_WORK INSTRUCTION:_
Apart from the pictures, return every line of the listing exactly.

================================

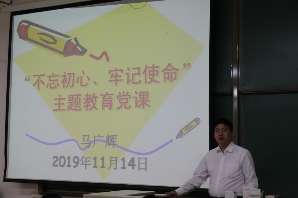 按照公司党委主题教育统一安排部署,2019年11月14日,公司党总支书记马广辉同志在逸夫楼G101讲“不忘初心、牢记使命”教育专题党课。
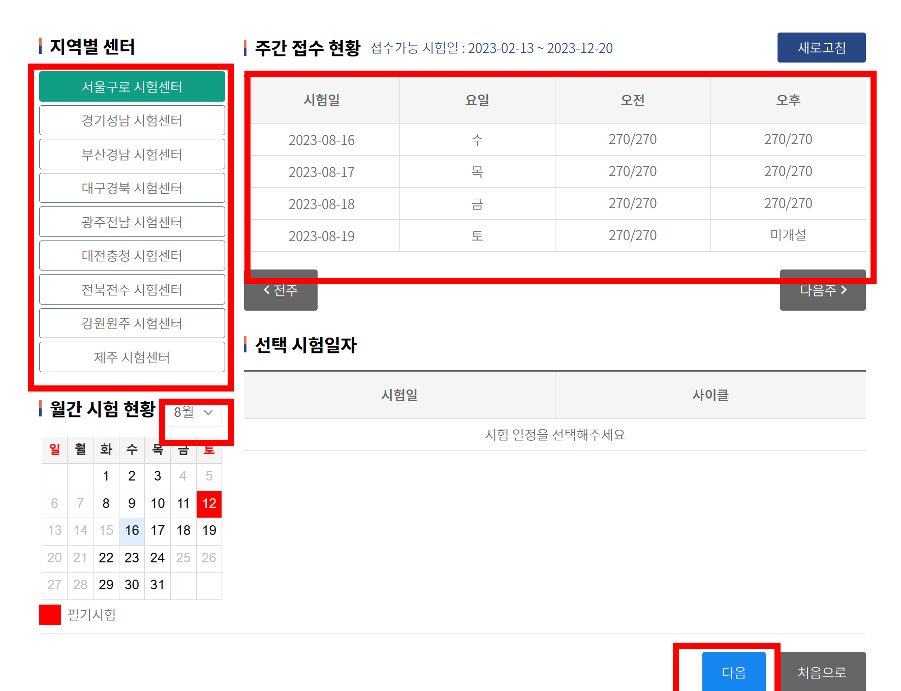 | 원서접수 및 응시수수료 결제 | - 응시원서 접수 시작 10:00부터 접수 마감일까지 접수 가능하며 본인이 응시하고자 하는 시험일 7일전까지 원서접수 하여야 함 - 응시원서 접수 시 부여되는 결제 마감시간까지 응시수수료를 결제해야 접수가 완료됨 |
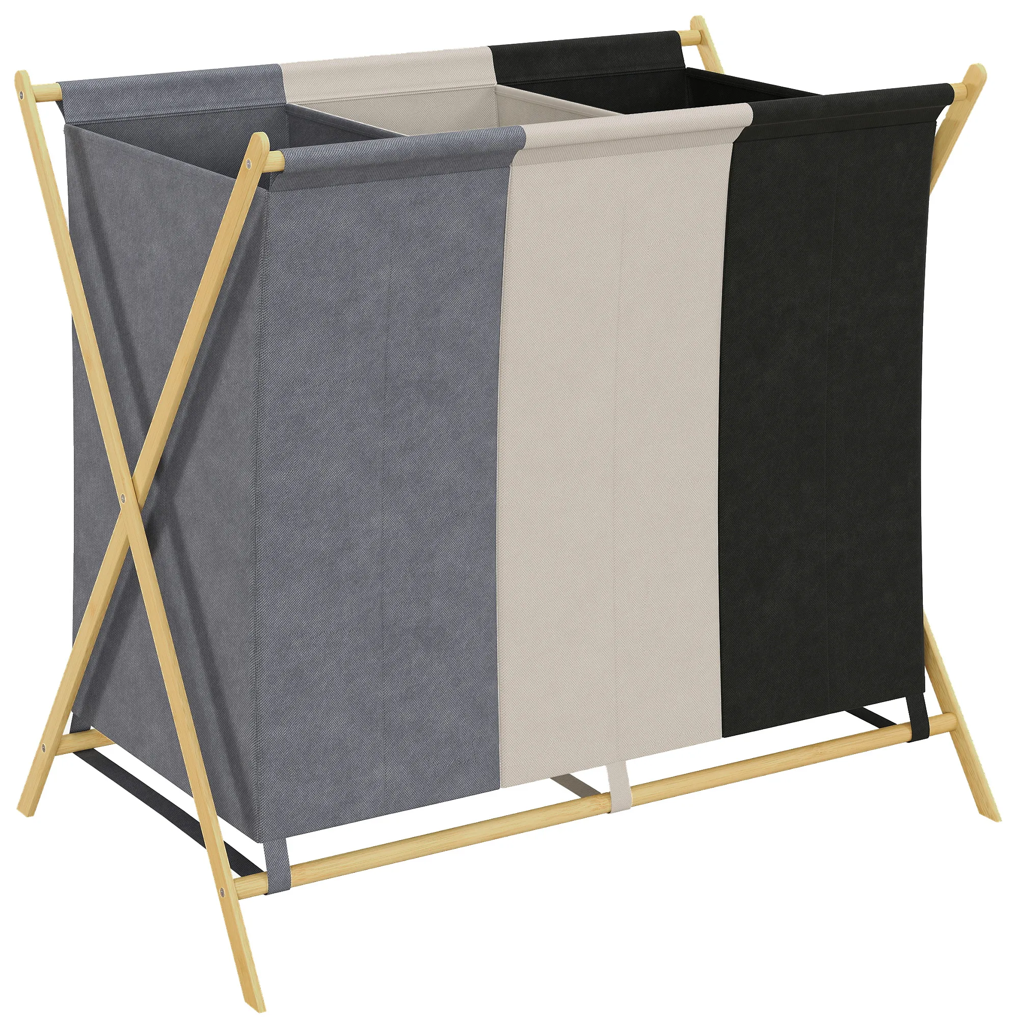 Maak je wasorganisatie efficiënter en houd je huis netjes met de [BRAND NAME] wasmand. Deze stijlvolle wasmand is gemaakt van stof en heeft een capaciteit van 129 liter, verdeeld over drie aparte compartimenten om vuile kleding te sorteren. Het X-vormige frame van natuurlijk bamboe maakt de wasmand gemakkelijk opvouwbaar en draagbaar, waardoor het sorteren van je was en het snel opbergen van de mand wanneer deze niet in gebruik is, een fluitje van een cent wordt.
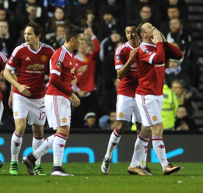 Wayne Rooney legði tíðliga í fyrra hálvleiki United á odda 1-0 við einum frálíkum langskotið. Derby javnaði tó til 1-1 stutt undan hálvleiki George Thorne javnaði.
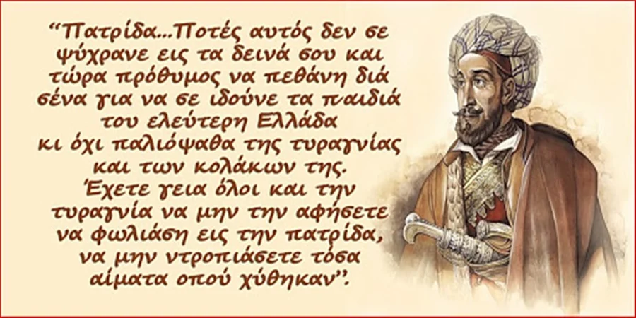«Τούτην τὴν πατρίδα την ἔχομεν ὅλοι μαζί, καὶ σοφοὶ καὶ ἀμαθεῖς καὶ πλούσιοι καὶ φτωχοὶ καὶ πολιτικοὶ καὶ στρατιωτικοὶ καὶ οἱ πλέον μικρότεροι ἄνθρωποι»
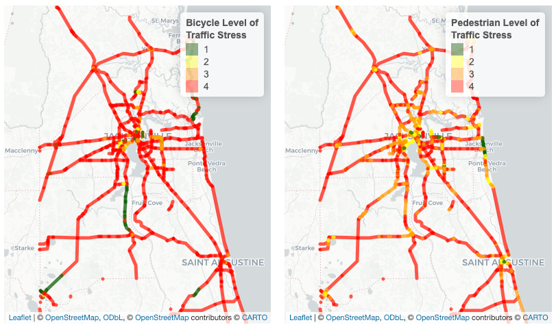 The Bicycle and Pedestrian Level of Stress Maps from the North Florida TPO Annual Mobility Report show the degree of traffic stress (1=lowest to 4=highest) based on comfort factors such as pavement condition, heavy vehicle presence and facilities at intersections.
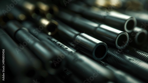 Close-up of a pile of shiny black metal pipes.
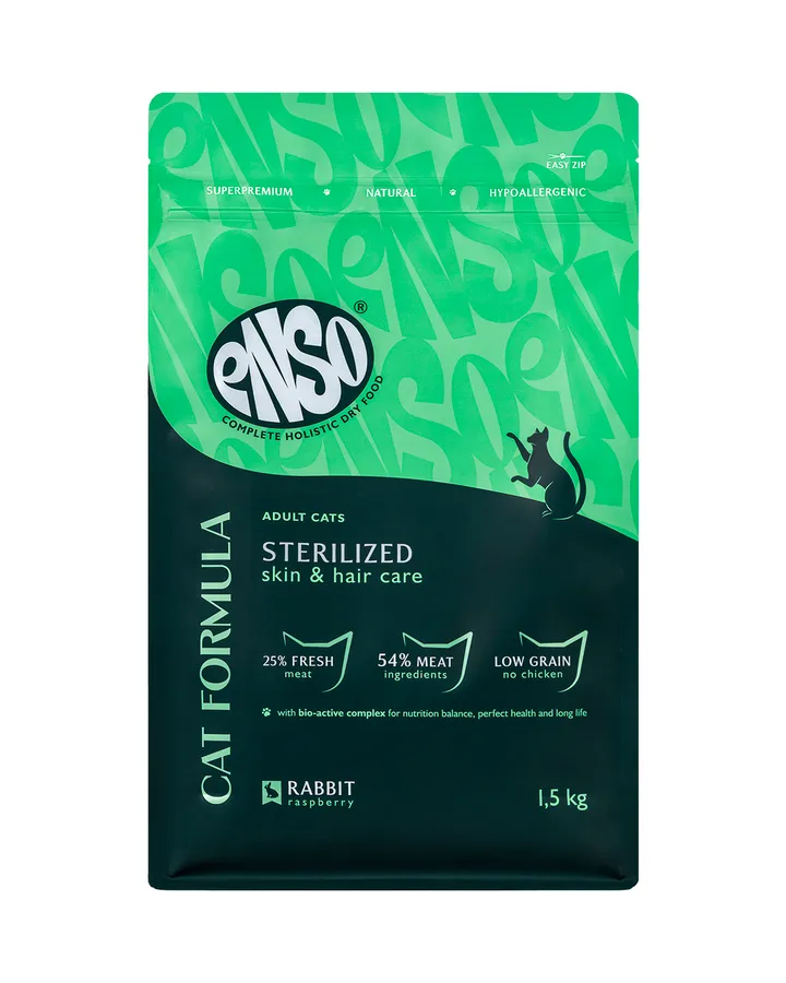 Корм влажный полнорационный ENSO для взрослых кошек Daily diet поддержание здоровья ЖКТ с кроликом пауч 85г

================================

_WRITTEN RESPONSE:_
 按照公司党委主题教育统一安排部署,2019年11月14日,公司党总支书记马广辉同志在逸夫楼G101讲“不忘初心、牢记使命”教育专题党课。
 | 원서접수 및 응시수수료 결제 | - 응시원서 접수 시작 10:00부터 접수 마감일까지 접수 가능하며 본인이 응시하고자 하는 시험일 7일전까지 원서접수 하여야 함 - 응시원서 접수 시 부여되는 결제 마감시간까지 응시수수료를 결제해야 접수가 완료됨 |
 Maak je wasorganisatie efficiënter en houd je huis netjes met de [BRAND NAME] wasmand. Deze stijlvolle wasmand is gemaakt van stof en heeft een capaciteit van 129 liter, verdeeld over drie aparte compartimenten om vuile kleding te sorteren. Het X-vormige frame van natuurlijk bamboe maakt de wasmand gemakkelijk opvouwbaar en draagbaar, waardoor het sorteren van je was en het snel opbergen van de mand wanneer deze niet in gebruik is, een fluitje van een cent wordt.
 Wayne Rooney legði tíðliga í fyrra hálvleiki United á odda 1-0 við einum frálíkum langskotið. Derby javnaði tó til 1-1 stutt undan hálvleiki George Thorne javnaði.
«Τούτην τὴν πατρίδα την ἔχομεν ὅλοι μαζί, καὶ σοφοὶ καὶ ἀμαθεῖς καὶ πλούσιοι καὶ φτωχοὶ καὶ πολιτικοὶ καὶ στρατιωτικοὶ καὶ οἱ πλέον μικρότεροι ἄνθρωποι»
 The Bicycle and Pedestrian Level of Stress Maps from the North Florida TPO Annual Mobility Report show the degree of traffic stress (1=lowest to 4=highest) based on comfort factors such as pavement condition, heavy vehicle presence and facilities at intersections.
 Close-up of a pile of shiny black metal pipes.
 Корм влажный полнорационный ENSO для взрослых кошек Daily diet поддержание здоровья ЖКТ с кроликом пауч 85г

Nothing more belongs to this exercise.